= Motsoko Pheko =

South African politician (1930–2024)

Salzwedel Ernest "Motsoko" Pheko (13 November 1930 – 19 April 2024) was a South African lawyer, author, historian, theologian, academic and politician.

==Biography==
Born to a wealthy rural family in Lesotho on 13 November 1930, Pheko and his brother went to live in South Africa in the 1930s upon the sudden death of their parents. They were raised by E. M. Moerane, their late mother's sister. Since 1960 Motsoko Pheko has been a member of the Pan Africanist Congress of Azania (PAC), and served in several different capacities including Organiser, Branch Chairperson, Country Representative and Member of Parliament (MP). Pheko served as a representative of the PAC to the United Nations in New York and Geneva, in addition to working in the UK, Zambia. Pheko was the president of the PAC in South Africa until 2008. Previously he was the Deputy President in three cabinets from 1995 to 2003. This is the longest presidential term in PAC history. Sobukwe served from 1959 to 1978, Leballo from 1978 to 1986.

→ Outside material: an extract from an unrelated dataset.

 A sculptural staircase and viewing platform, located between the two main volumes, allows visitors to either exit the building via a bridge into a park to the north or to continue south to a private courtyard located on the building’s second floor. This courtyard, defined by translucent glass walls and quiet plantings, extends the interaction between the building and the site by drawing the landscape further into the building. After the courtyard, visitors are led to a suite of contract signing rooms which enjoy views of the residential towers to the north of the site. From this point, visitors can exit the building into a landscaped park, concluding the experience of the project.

Pheko was a founder of Daystar University in Kenya, the largest liberal arts college in Africa. Pheko was also founder and Chair of Tokoloho Development Association in South Africa, a trust which promotes research of indigenous knowledge of the African people prior to European colonisation, and publishes the results. Tokoloho is Sotho and translates as "Freedom".

Pheko held a B.A. from the University of South Africa (UNISA), where he majored in Political Science and Systematic Theology, also reading Sociology and History. UNISA has honoured Pheko with an archive that holds many of his own works. Pheko also held a Bachelor of Law degree from the University of Zambia and a Master of Law degree in international law from the University of London.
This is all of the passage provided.